Nepal

Elephants forcing schoolchildren to stay at home

Elephants forcing schoolchildren to stay at home

By Himalayan News Service

Jhapa, February 10:

Students of the Devi Primary School at Bahundangi-8 have been unable to attend classes because of rampaging wild elephants.

Thirty-one children have been unable to attend classes for want of funds. As the elephants have destroyed crops, the parents have no money to pay for the education of these children. The children have been unable to attend classes because they have to be stationed in the fields to guard crops against menacing elephants. Pointing that elephants have destroyed their crops, parents said: “We cannot send our children to school because we have no money to pay for their education.” “When the guardians were asked to send their children to the school, they said they could not do so as the children have to look after the houses and crops since the guardians have to go to work,” a teacher at the school, Dhrub Kumar Thapa, said.

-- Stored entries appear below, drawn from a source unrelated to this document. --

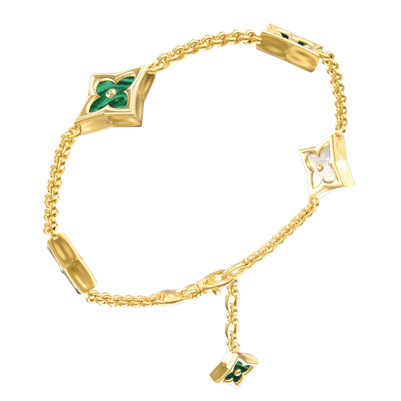 Браслет из лимонного золота c малахитом и перламутром
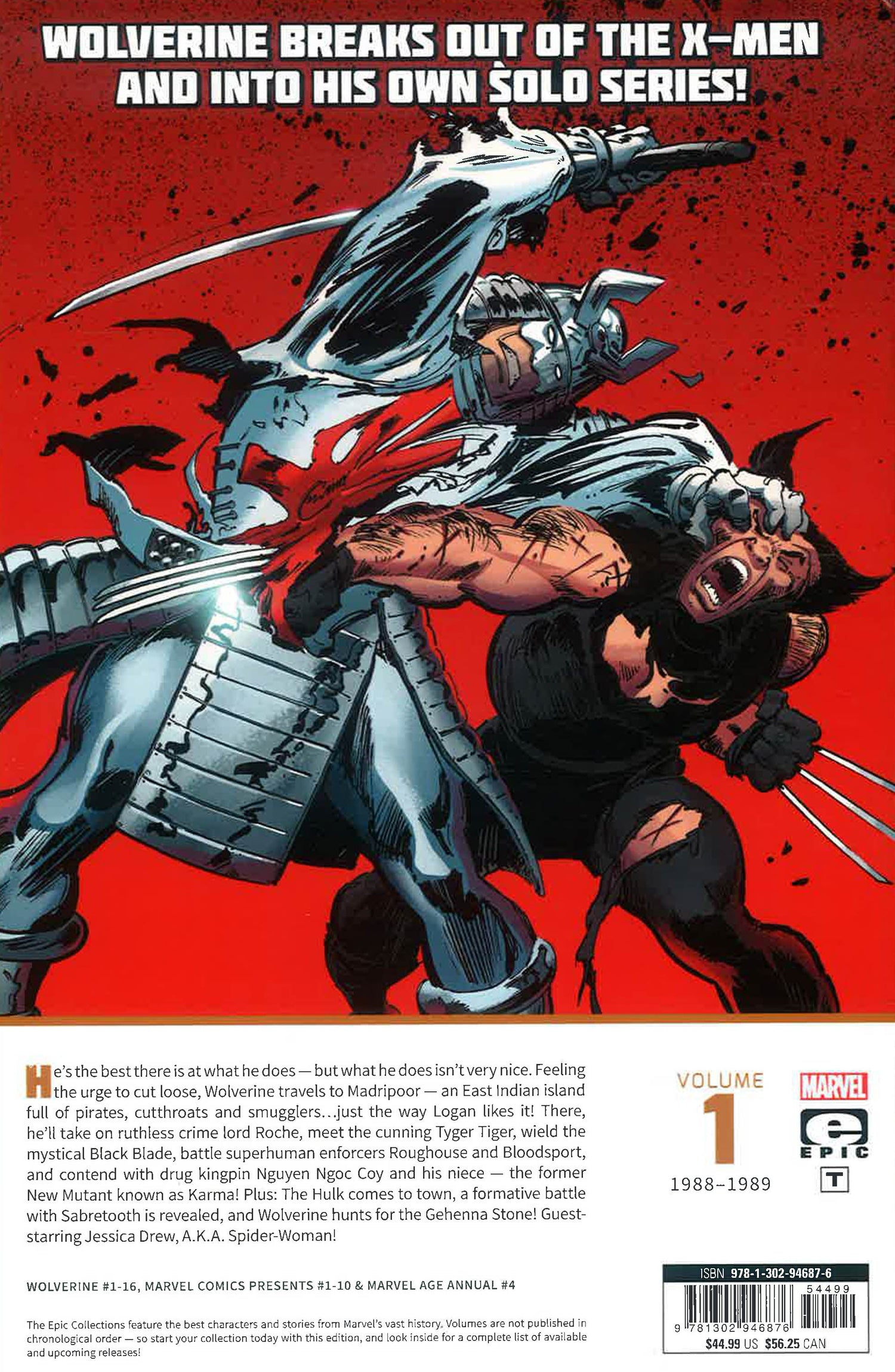 He's the best there is at what he does - but what he does isn't very nice. And now Wolverine has broken out of the X-Men and into his own solo series! Feeling the urge to cut loose, Wolverine travels to Madripoor, an East Indian island full of pirates, cutthroats and smugglers - just the way Logan likes it! There, he'll take on ruthless crimelord Roche, meet the cunning Tyger Tiger, wield the mystical Black Blade, battle superhuman enforcers Roughouse and Bloodsport and contend with drug kingpin Nguyen Ngoc Coy and his niece, the former New Mutant known as Karma! Plus: The Hulk comes to town, a formative battle with Sabretooth is revealed and Wolverine hunts for the Gehenna Stone! Guest-starring Jessica Drew, A.K.A. Spider-Woman! Collecting WOLVERINE (1988) #1-16 and material from MARVEL COMICS PRESENTS (1988) #1-10 and MARVEL AGE ANNUAL #4.
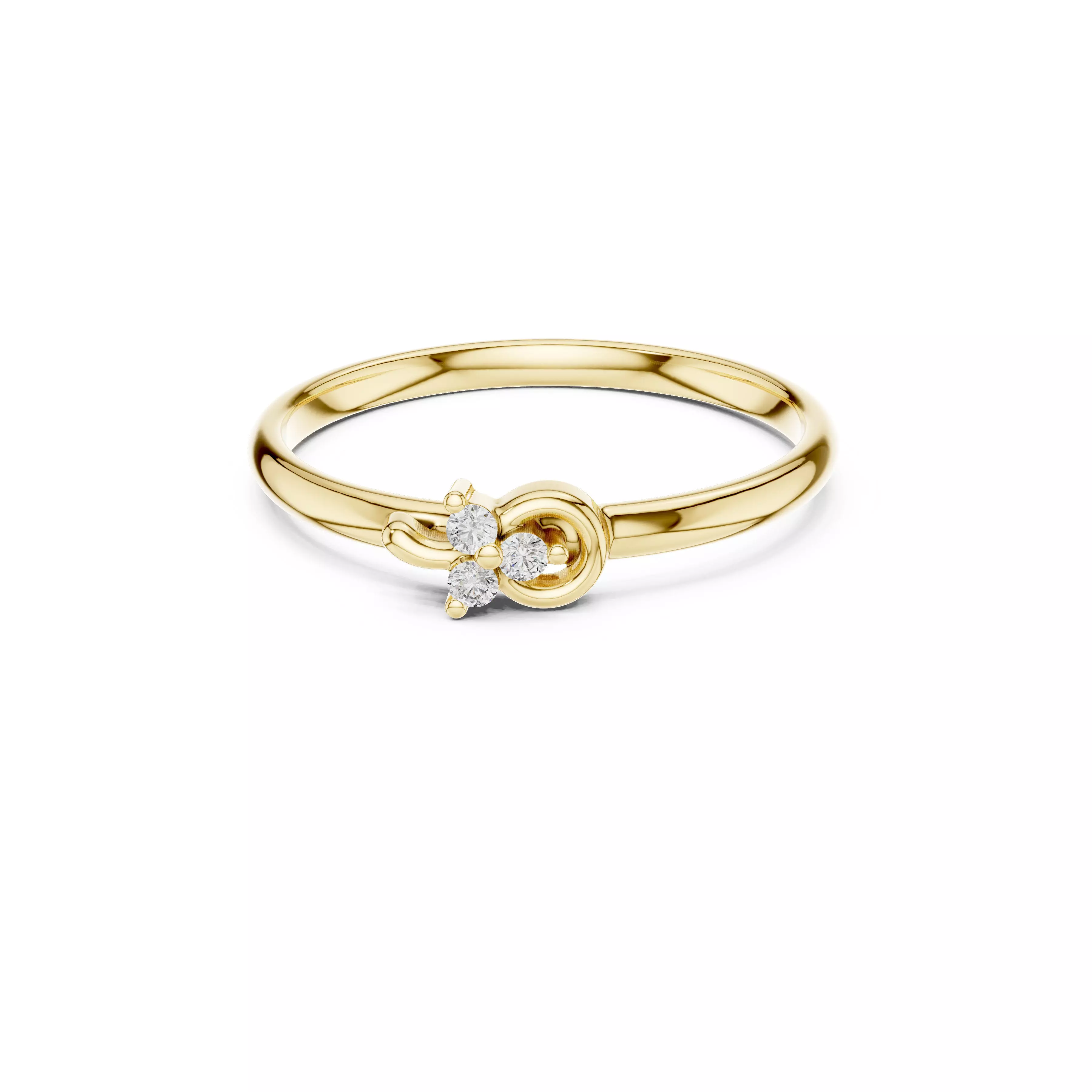 Refined swirl diamond trio ring designed with a graceful spiral motif, combining fluid elegance with minimal luxury for everyday wear.

“Six students of grade I, three students of grade II, eight students of grade III, seven students of grade IV and seven students of grade V have stopped coming to school from the beginning of the session this year,” Thapa said, adding: “Most of the students are from the Dalit and underprivileged communities.”

Bahundangi, Shantinagar, Budhabare and Shanischare VDCs in Jhapa are among the affected VDCs. Elephants from India have been creating terror and damaging property worth crores of rupees in the VDCs for the past 30 years. Though stop-gap attempts were made to solve the problem, no long-term plan has been introduced for a lasting solution.